**EXERCISE AIM:** Could you repeat exactly the lines below, from the line containing "ชุดคลุมหรูหราสไตล์ชัยปุระ ลายดอกไม้ ผ้าทอเนื้อนุ่ม" through the last one, both included, while leaving out any pictures?

=== Begin Enclosure ===

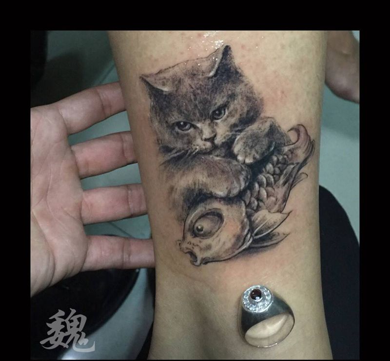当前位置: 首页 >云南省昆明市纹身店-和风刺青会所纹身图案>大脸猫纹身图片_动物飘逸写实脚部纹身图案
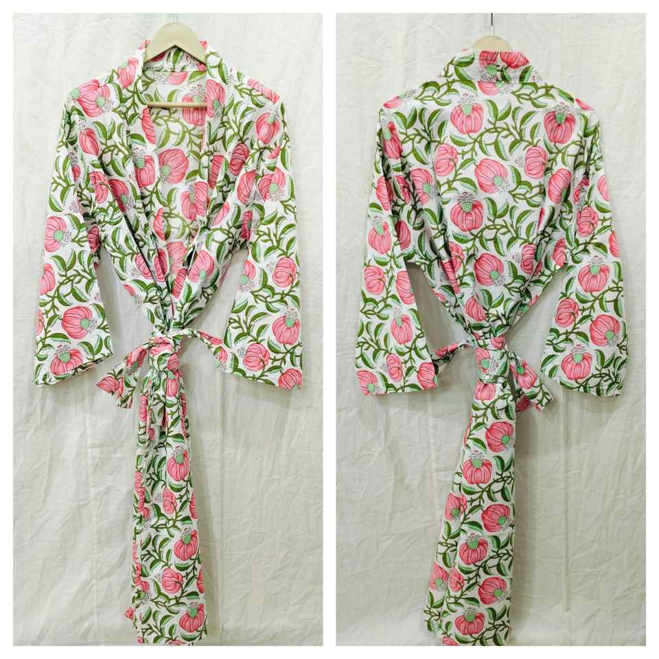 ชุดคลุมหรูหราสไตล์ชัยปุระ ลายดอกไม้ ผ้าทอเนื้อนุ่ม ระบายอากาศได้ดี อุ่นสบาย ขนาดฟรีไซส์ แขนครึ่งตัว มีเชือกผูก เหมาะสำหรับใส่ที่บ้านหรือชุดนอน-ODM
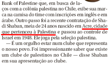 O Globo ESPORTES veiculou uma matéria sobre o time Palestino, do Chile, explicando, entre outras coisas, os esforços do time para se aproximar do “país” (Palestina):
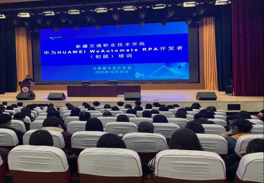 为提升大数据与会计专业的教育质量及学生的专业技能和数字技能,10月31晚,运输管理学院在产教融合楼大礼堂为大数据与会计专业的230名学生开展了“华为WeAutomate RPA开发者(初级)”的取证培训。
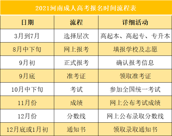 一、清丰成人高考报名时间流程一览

=== End Enclosure ===

**OUTPUT BELOW:**
 ชุดคลุมหรูหราสไตล์ชัยปุระ ลายดอกไม้ ผ้าทอเนื้อนุ่ม ระบายอากาศได้ดี อุ่นสบาย ขนาดฟรีไซส์ แขนครึ่งตัว มีเชือกผูก เหมาะสำหรับใส่ที่บ้านหรือชุดนอน-ODM
 O Globo ESPORTES veiculou uma matéria sobre o time Palestino, do Chile, explicando, entre outras coisas, os esforços do time para se aproximar do “país” (Palestina):
 为提升大数据与会计专业的教育质量及学生的专业技能和数字技能,10月31晚,运输管理学院在产教融合楼大礼堂为大数据与会计专业的230名学生开展了“华为WeAutomate RPA开发者(初级)”的取证培训。
 一、清丰成人高考报名时间流程一览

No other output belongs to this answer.